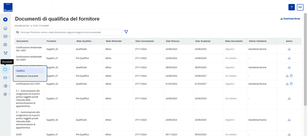 - Qualifica: questa sezione contiene tutti i documenti caricati sul portale di e-procurement dal fornitore. L’elenco associa ad ogni documento presente nel portale: il fornitore dal quale è stato caricato, lo stato di qualifica del fornitore, la data di caricamento del documento a sistema, la data in cui il documento è stato rilasciato al fornitore, la data di scadenza del documento, lo stato, l’utente che ha validato il documento e lo stato reminder.
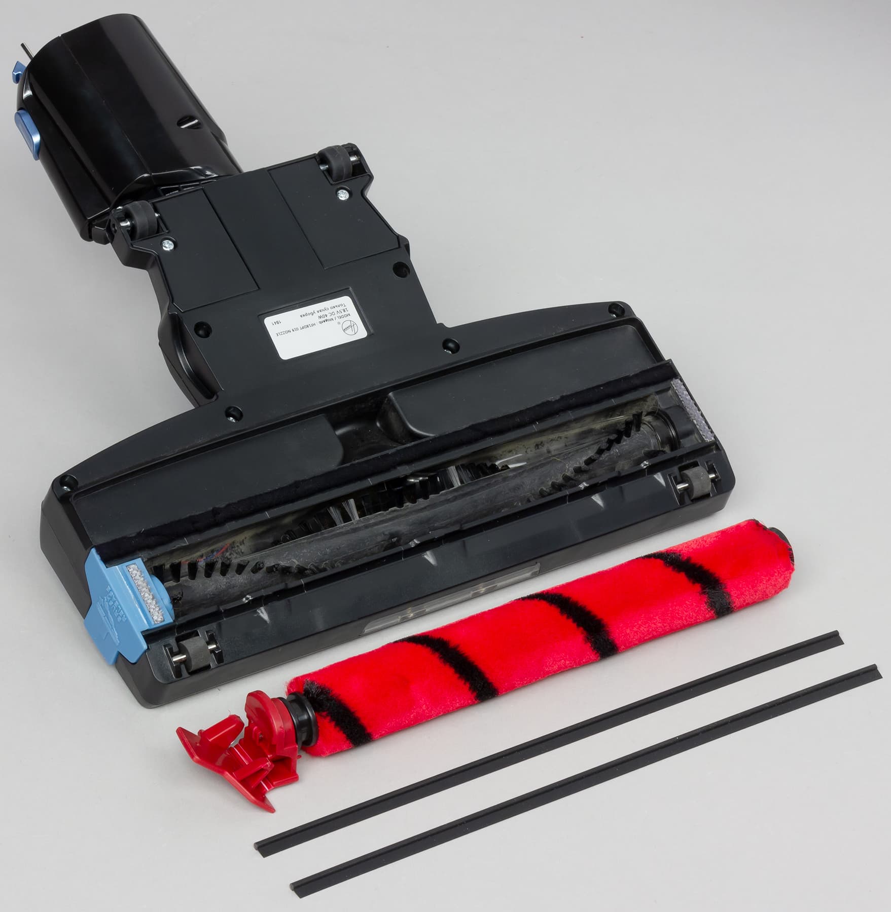 Ширина всей электрощетки 250 мм, вращающейся щетки — 215 мм. Скользить по полу ей помогают четыре жестких пластиковых ролика. Снизу на корпусе щетки спереди есть три выреза для захвата мусора потоком воздуха непосредственно от стен и предметов обстановки. Питание для электромотора и подсветки передается от основного блока по проводникам в трубке, но при необходимости электрощетку можно закрепить непосредственно на основном блоке.
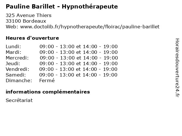 | Lundi | 09:00-13:00 et 14:00-19:00 |
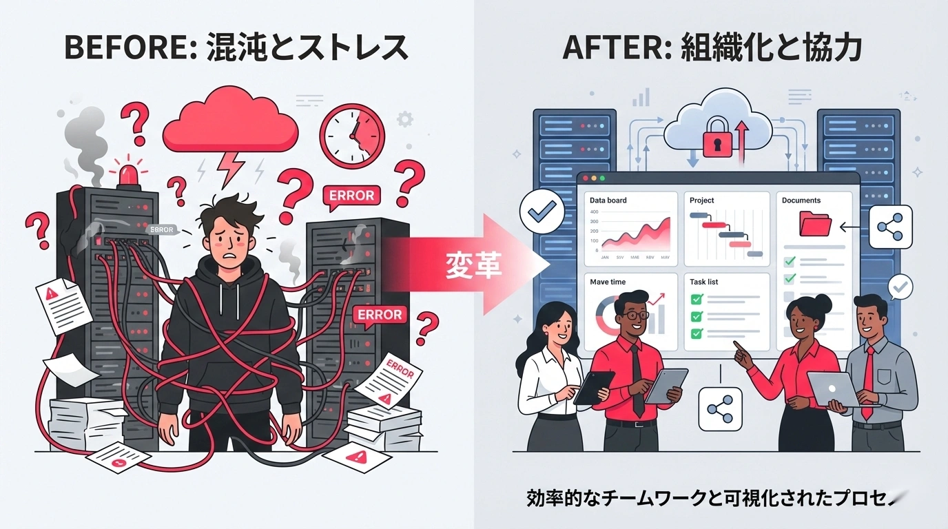 「属人化の解消」と聞くと大掛かりなプロジェクトを想像するかもしれません。しかし、中小企業に必要なのは大規模なシステム刷新ではなく、日々の運用を「見える化」して「共有可能にする」ことです。
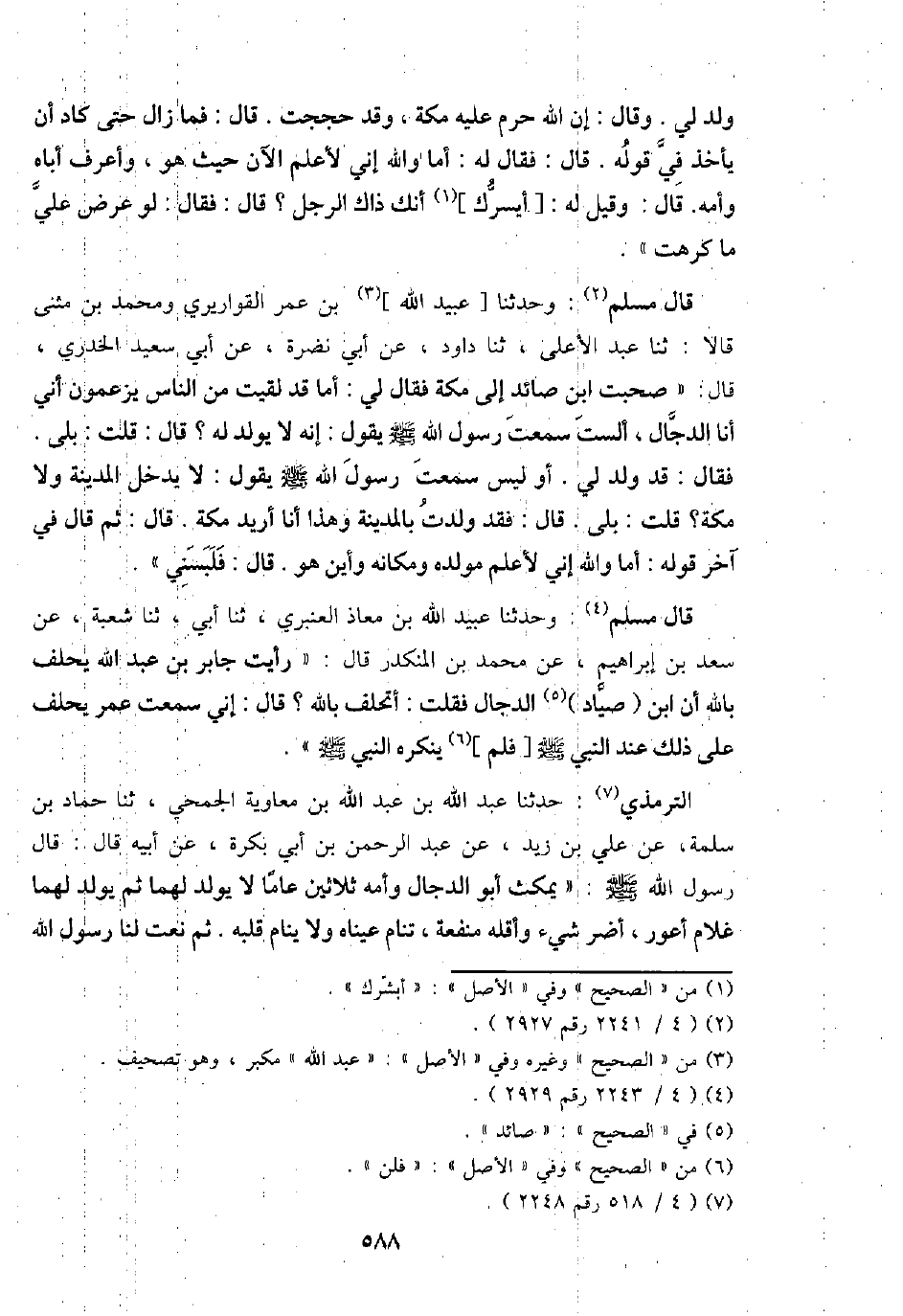 قَالَ مُسلم: وَحدثنَا [عبيد الله] بن عمر القواريري وَمُحَمّد بن مثنى قَالَا: ثَنَا عبد الْأَعْلَى، ثَنَا دَاوُد، عَن أبي نَضرة، عَن أبي سعيد الْخُدْرِيّ، قَالَ: " صَحِبت ابْن صائد إِلَى مَكَّة فَقَالَ لي: أما قد لقِيت من النَّاس يَزْعمُونَ أَنِّي أَنا الدَّجَّال، أَلَسْت سَمِعت رَسُول الله - صَلَّى اللَّهُ عَلَيْهِ وَسَلَّم َ - يَقُول: إِنَّه لَا يُولد لَهُ؟ قَالَ: قلت: بلَى. فَقَالَ: قد ولد لي. أَو لَيْسَ سَمِعت رَسُول الله - صَلَّى اللَّهُ عَلَيْهِ وَسَلَّم َ - يَقُول: لَا يدْخل الْمَدِينَة وَلَا مَكَّة؟ قلت: بلَى. قَالَ: فقد ولدت بِالْمَدِينَةِ وَهَذَا أَنا أُرِيد مَكَّة. قَالَ: ثمَّ قَالَ فِي آخر قَوْله: أما وَالله إِنِّي لأعْلم مولده ومكانه وَأَيْنَ هُوَ. قَالَ: فلبسني ".
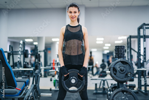 Woman Standing in Gym Holding Weight Machine. A woman confidently stands in a gym, holding a weight machine, ready for her workout.
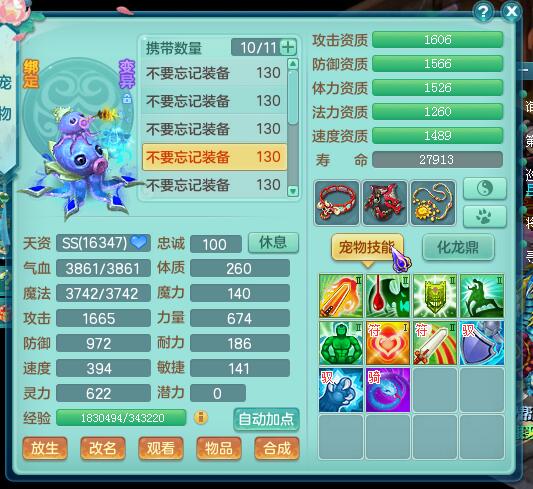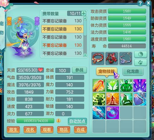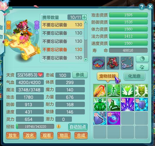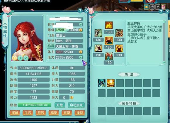 神武2风云再起飞升125魔王展示,1423灵力,1317防御,宝宝全部变异高书成品,。

◆ ◆ ◆ ◆

Return the listing above verbatim and exclude every picture.

 - Qualifica: questa sezione contiene tutti i documenti caricati sul portale di e-procurement dal fornitore. L’elenco associa ad ogni documento presente nel portale: il fornitore dal quale è stato caricato, lo stato di qualifica del fornitore, la data di caricamento del documento a sistema, la data in cui il documento è stato rilasciato al fornitore, la data di scadenza del documento, lo stato, l’utente che ha validato il documento e lo stato reminder.
 Ширина всей электрощетки 250 мм, вращающейся щетки — 215 мм. Скользить по полу ей помогают четыре жестких пластиковых ролика. Снизу на корпусе щетки спереди есть три выреза для захвата мусора потоком воздуха непосредственно от стен и предметов обстановки. Питание для электромотора и подсветки передается от основного блока по проводникам в трубке, но при необходимости электрощетку можно закрепить непосредственно на основном блоке.
 | Lundi | 09:00-13:00 et 14:00-19:00 |
 「属人化の解消」と聞くと大掛かりなプロジェクトを想像するかもしれません。しかし、中小企業に必要なのは大規模なシステム刷新ではなく、日々の運用を「見える化」して「共有可能にする」ことです。
 قَالَ مُسلم: وَحدثنَا [عبيد الله] بن عمر القواريري وَمُحَمّد بن مثنى قَالَا: ثَنَا عبد الْأَعْلَى، ثَنَا دَاوُد، عَن أبي نَضرة، عَن أبي سعيد الْخُدْرِيّ، قَالَ: " صَحِبت ابْن صائد إِلَى مَكَّة فَقَالَ لي: أما قد لقِيت من النَّاس يَزْعمُونَ أَنِّي أَنا الدَّجَّال، أَلَسْت سَمِعت رَسُول الله - صَلَّى اللَّهُ عَلَيْهِ وَسَلَّم َ - يَقُول: إِنَّه لَا يُولد لَهُ؟ قَالَ: قلت: بلَى. فَقَالَ: قد ولد لي. أَو لَيْسَ سَمِعت رَسُول الله - صَلَّى اللَّهُ عَلَيْهِ وَسَلَّم َ - يَقُول: لَا يدْخل الْمَدِينَة وَلَا مَكَّة؟ قلت: بلَى. قَالَ: فقد ولدت بِالْمَدِينَةِ وَهَذَا أَنا أُرِيد مَكَّة. قَالَ: ثمَّ قَالَ فِي آخر قَوْله: أما وَالله إِنِّي لأعْلم مولده ومكانه وَأَيْنَ هُوَ. قَالَ: فلبسني ".
 Woman Standing in Gym Holding Weight Machine. A woman confidently stands in a gym, holding a weight machine, ready for her workout.
 神武2风云再起飞升125魔王展示,1423灵力,1317防御,宝宝全部变异高书成品,。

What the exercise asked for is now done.